Materials and Methods: In a case-control study, 20 infants with definite diagnosis of IHPS referred to Tabriz Children’s Hospital were evaluated during an 18-month period. Thirty otherwise healthy sex and age-matched infants were randomly recruited as the control. Serum antibody against H. pylori (IgG) was measured by serological method in infants and their mothers. Furthermore, stool H. pylori antigen was evaluated by ELISA in the infants.
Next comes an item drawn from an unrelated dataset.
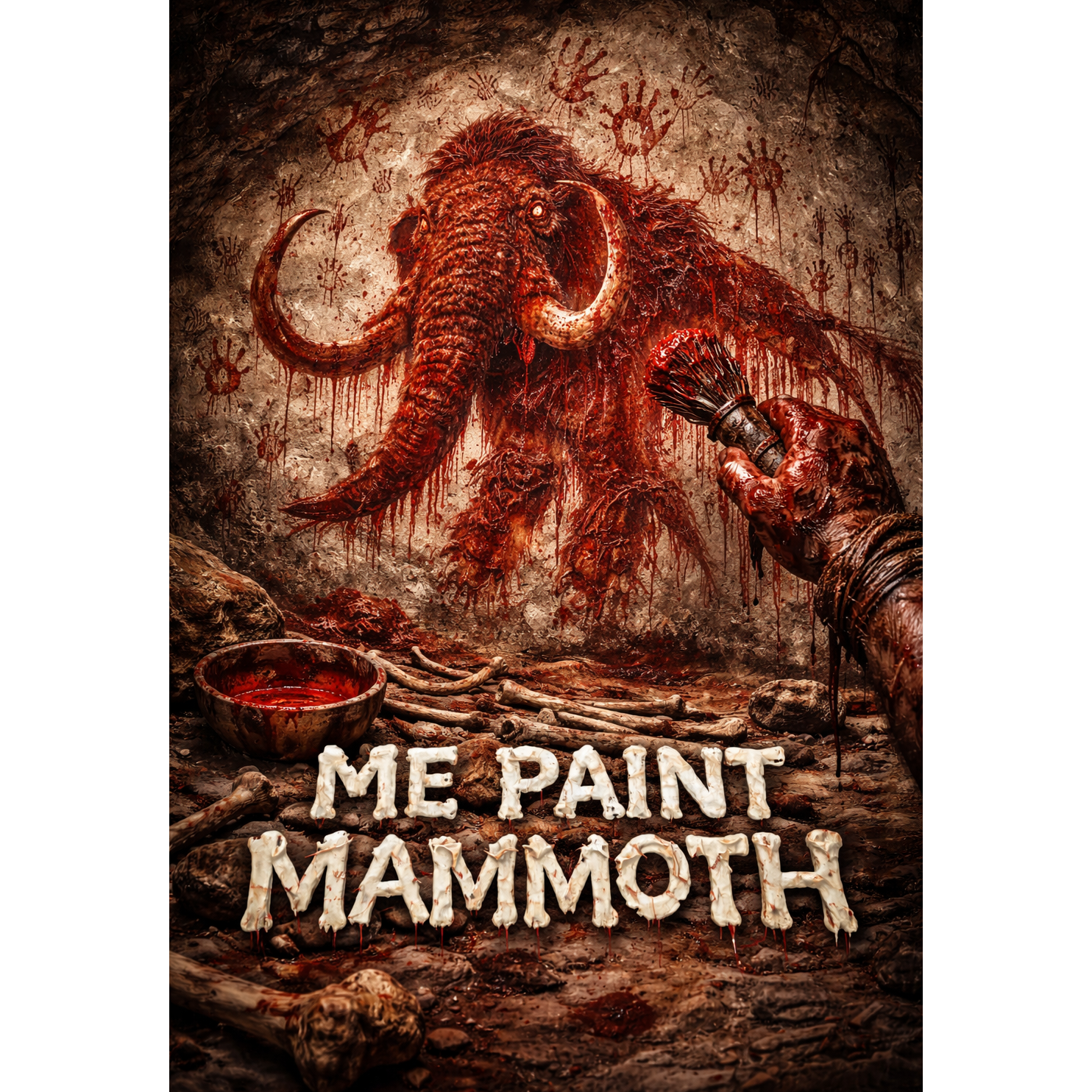 Ultra primitive caveman slam death metal, caveman riffs, one-string chug worship, drop E / drop D#, ugly raw mix, no clean vocals, deep gutturals + caveman shouts, occasional pig squeal, relentless blasts into stupid halftime slams, huge sub drops, bone percussion, cave ambience (drips, stone scrapes), short violent 2:30–3:00, minimal melody, maximum impact

Results: Twenty infants with IHPS, 18 males and 2 females with a mean age of 42.40±19.09 days and 30 controls, with a mean age of 44.67±12.65 days were enrolled (P>0.05). In the case group, 18.2% of the infants had positive H. pylori infection comparing with 23.1% of the controls (P=1). All the mothers of the case group had positive H. pylori infection comparing with 95.8% of those of the control group (P=1). Considering a simultaneous infection of H. pylori, 18.2% of the mothers and infants of the case group had positive H. pylori infection comparing with 33.3% of the mothers and infants in the control group (P=0.617). The mean titer of infant serum H. pylori antibody was comparable between the two groups (14.21±8.18 ng/dl vs. 11.80±19.07 ng/dl in the case and control groups, respectively; P=0.342). On the other hand, mean stool antigen was significantly higher in the case infants (1.74±4.59 ng/dl vs. 0.62±0.44 ng/dl; P=0.010).
Conclusion: According to our results, there might not be a connection between H. pylori infection and IHPS in infants.